In the past, my books were published by a major publishing house, who handled most of the marketing and publicity. My part was to attend two conventions a year, and turn up for a few booksignings.
Now I am self-publishing my backlist. Over the years, I’ve known enough self-published authors, that I knew it would be hard.
In fact, I was always telling newly self-published writers, "It's going to take a lot more time and effort than you think."
Never did I speak a truer word.
And that was before I met the infamous Lizzie Ford.
In the month of October, my efforts had consisted of contacting a few blogs and setting up interviews, maintaining a blog of my own on a website I already frequented, and making myself obnoxious to everyone I knew by mentioning my first venture into self-publishing as often as I could think of an excuse to do so. (Which was often.)
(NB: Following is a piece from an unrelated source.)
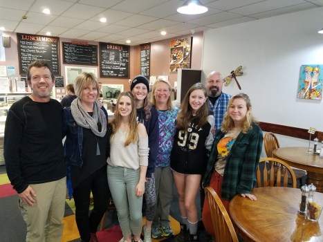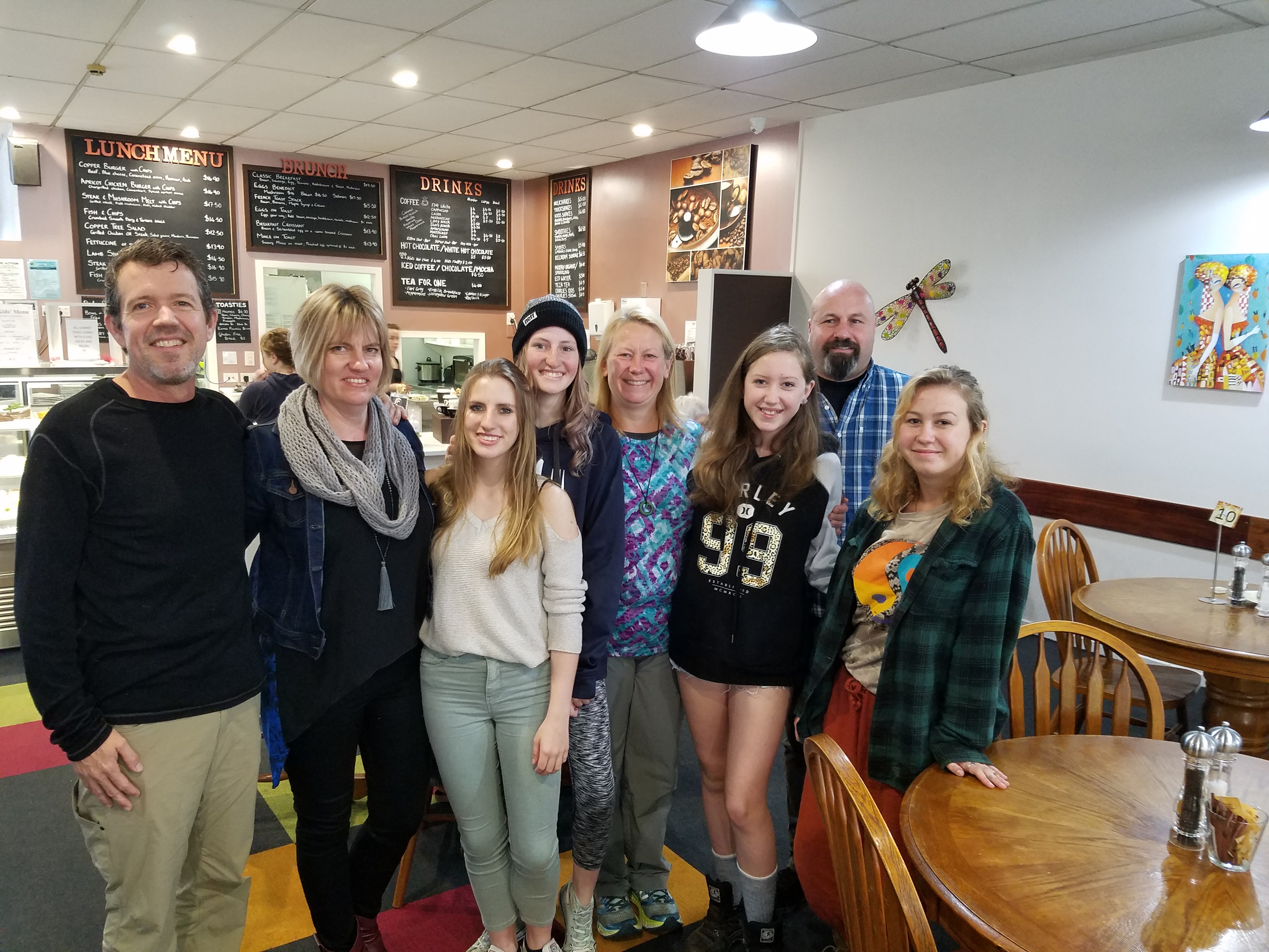 Next Image 20171001_135053 Doug, Raylene, Erin, Megan, Anna, Helen, Nic and Ella at The Coppertree Cafe, Taumarunui, NZ.

Prodded by Lizzie, I joined Facebook last week.
And just since Friday, when GOBLIN MOON went live on Kindle, I have: approached even more blogs about reviewing my book; contacted everyone on my mailing list, telling them the book had just been released; joined Goodreads; uploaded my bio and photos to amazon.com, amazon.co.uk, and amazon.de (and here, of course); tried to maintain a presence on Facebook, GoodReads, sffworld, and sffchronicles.
Things I've learned: Before an indie blog will review your book you have to fill out a form longer than a job application! It is no fun trying to follow directions in German when you don’t speak German, and ...
It takes a lot more time and effort than I thought.